The Sweet Spot of Senior Year

I have a theory. For all you avid book-readers out there, you might get what I’m saying. For those of you who aren’t literary-inclined, just bear with me. My favorite English nerd supports this theory, so I think it’s pretty legit. Here it goes.

Think back to the best book you’ve ever read. When you first pick it up, you move slowly through the first couple pages, noticing all the tiny details, focusing on all the individual words. The left of the book feels light with foreshadowing, while the right side weighs heavy with potential. It’s drawing you in, a little bit at a time.

If it’s a good book (it has to be for the sake of my theory), you begin to flip through the pages faster. The left side starts to feel even with the right side, as the beginning transitions to the middle of the story. You’re engaged. Entertained. Enthralled.

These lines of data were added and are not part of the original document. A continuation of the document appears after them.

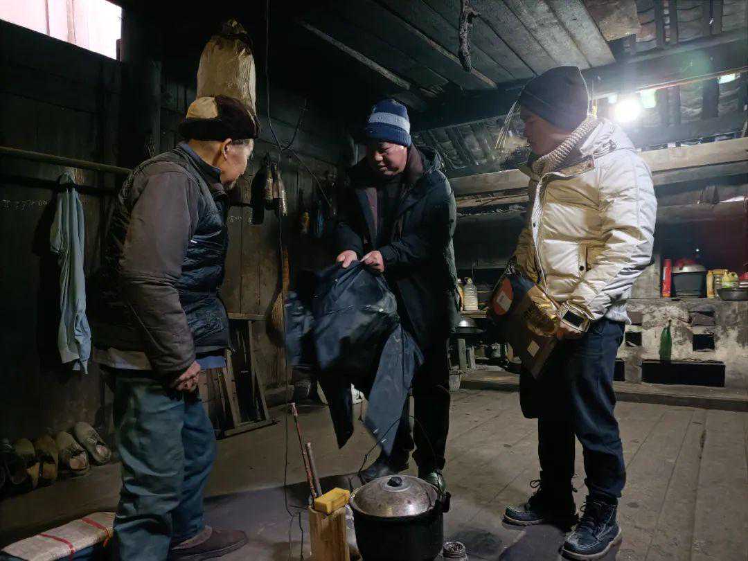 ▲工作人员看望独居老人并发放防寒物资。
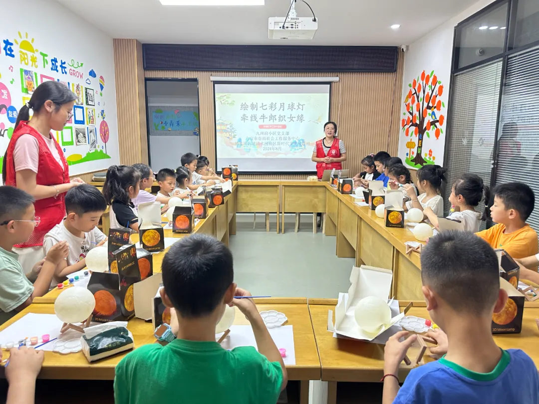 安徽省六安市金安区清水河街道清水河社区新时代文明实践站开展了“绘制七彩月球灯 牵线牛郎织女缘”手工DIY活动,让孩子们在动手实践中感受传统文化的魅力,表达对“七夕节”的美好祝福,同时激发他们对宇宙探索的热情。
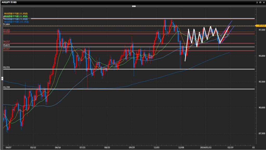 日足の直近高値161.87円目前のため、基本は様子見。 - 豪ドル円は日足はレンジ、4時間足〜1時間足は上目線。
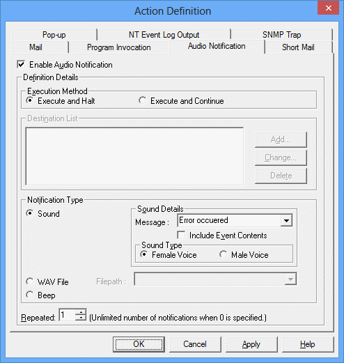 Information on the audio notification destination. It is normally grayed out, as it is available only when Systemwalker Centric Manager is installed.
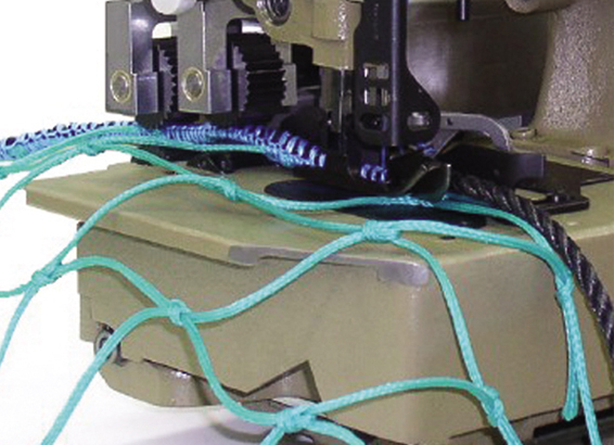 本機(jī)是在於仁81500CZ型縫紉機(jī)的基礎(chǔ)上研制生產(chǎn)的,該機(jī)不僅具備雙拖布輪牽引功能,送料幅與機(jī)器的縫合動作保持同步,確保針距、縫線的一致性以及繩索連接的可靠性,同時根據(jù)對用戶的認(rèn)真了解,對設(shè)備的結(jié)構(gòu)、零件的尺寸進(jìn)行了重大調(diào)整,使之在縫紉直徑4-20mm之間的任何繩索時,無須更換零件,只需對設(shè)備進(jìn)行簡單調(diào)整即可進(jìn)行操作,從而擴(kuò)大了設(shè)備的應(yīng)用范圍。本機(jī)對于繩索和網(wǎng)的導(dǎo)入均提供了專門的零件,便于操作者將繩索和網(wǎng)片連接起來,不會出現(xiàn)跳針現(xiàn)象。
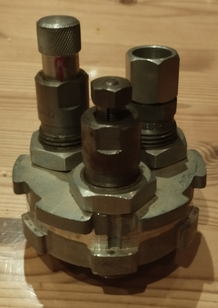 Ich verkaufe hier meine Wiederladeausrüstung, den Start machen die Pressen. Angeboten wird eine Kopfplatte für eine 3-Stationen-Presse mit einem Matrizensatz in .38/.357.
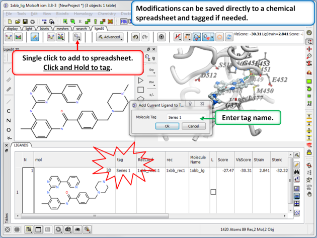 You can also tag a chemical with a unique name which is stored in the spreadsheet. To do this click and hold on the "Add Current Ligand to Table" button and enter a tag name. The ligand table can be grouped by this tag column (Right Click on the column and choose "Group View By").
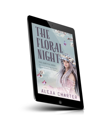 “A woman with white hair and a floral crown stands amidst delicate flowers and butterflies, set against a serene backdrop.”
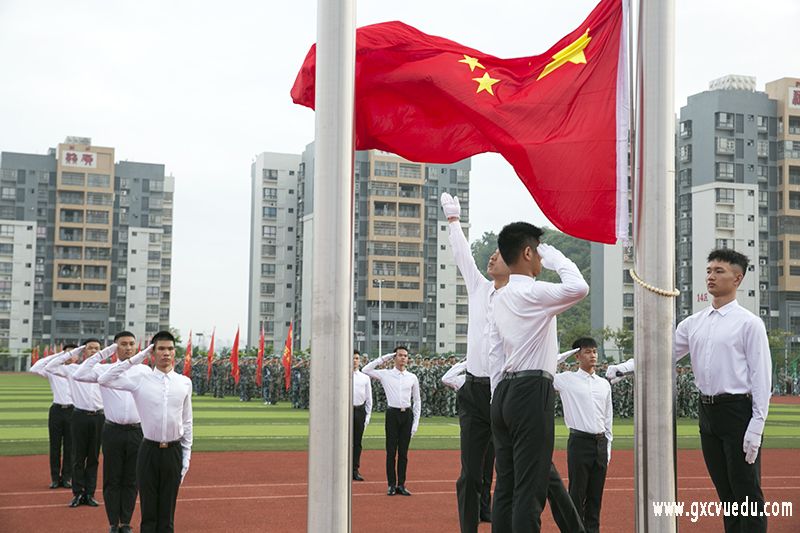 为庆祝新中国成立71周年,献礼伟大的祖国,致敬中国人民解放军,大会开始前,全体师生举行了隆重的升旗仪式。
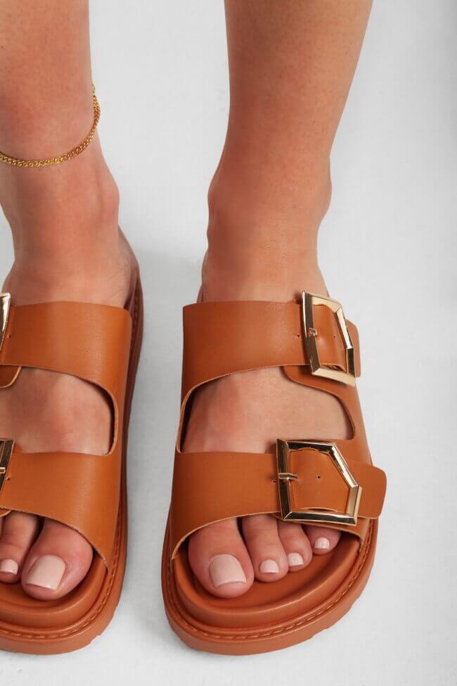 Σανδάλια Flatform με Διπλά Λουράκια & Διακοσμητικό

Now the Sweet Spot of a book comes right after the middle. You’re a little more than half way through, but not close enough to the end yet. You’re not paying attention to every single word, or every single detail. Instead you don’t even feel like you’re even reading. You’re absorbing the story, devouring the book. It doesn’t matter that you’re missing the tiny nuances that the author meticulously placed in. You’re experiencing the story in a completely different way, in a way that goes deeper than the words. You’re immersed in the story and you keep reading and reading, you can’t stop and you don’t want to, and you don’t even notice the number of pages dwindling by the minute, and

Then it’s over. The end of the book. Of course you knew it was coming, but you didn’t want it to come that quickly.

Now take this theory and apply it to life. Say, senior year. I’m in my Sweet Spot of college. Currently, I’m on campus, planning for our New Student Orientation Program. I’m on the Steering Committee and part of my responsibilities is to plan the 4-day program for the new incoming freshmen as well as the training for staff (who comes in a week! ah!). I’ve been looking forward to this time of year since January, but also dreading it’s arrival.

Now that doesn’t make sense, right? I knew that this month of August would be the start of the Sweet Spot. I knew I would be immersed in planning, laughing, bonding, growing, leading and I would start to forget the details and just be overcome by the experience and the unique feeling that I get from this group of people and program. And I knew I would love it. And I knew it would go so fast.

I didn’t want it to start because I didn’t want it to end. Read that again. I didn’t want it to start because I didn’t want it to end. How ridiculous is that? (My favorite English nerd told me so as well). And now that I’m here, exactly in the middle of Steering Training, I was right. It’s FLYING by but I’m loving it. I’m so happy. It’s the perfect Sweet Spot. I never want it to end.



I wrote that part of the post a couple days ago and didn’t know how to finish it. Right after I ended that last sentence, the rest of the Steering Committee and I went to have dinner with the President of Villanova, Father Peter. (You read it right. We had dinner with the President. He cooked us dinner and we drank wine and laughed. Check that off my bucket list.) During that dinner, I found myself having a true moment of awe. I was surrounded by probably the most wonderful people I’ve ever known, eating dinner with a man that every Villanovan admires. I felt full of joy. I kept thinking “yea, this is it. I made it.”

One of the advisers for Orientation is fond of the phrase “Enjoy it.” Simple, two words, but has refocused me during this Sweet Spot. Instead of calculating how many days are left, or evaluating how I’m changing or what I’m learning, I find myself just enjoying it. Letting the all the emotions of this experience wash over me so I can just soak it in. Of course Orientationland will come to an end, just like all Sweet Spots do, but hopefully if I just sit back and take in the moments, I won’t feel so empty after it ends. That’s the difference between books and life. Books have a last page, while life keeps getting written.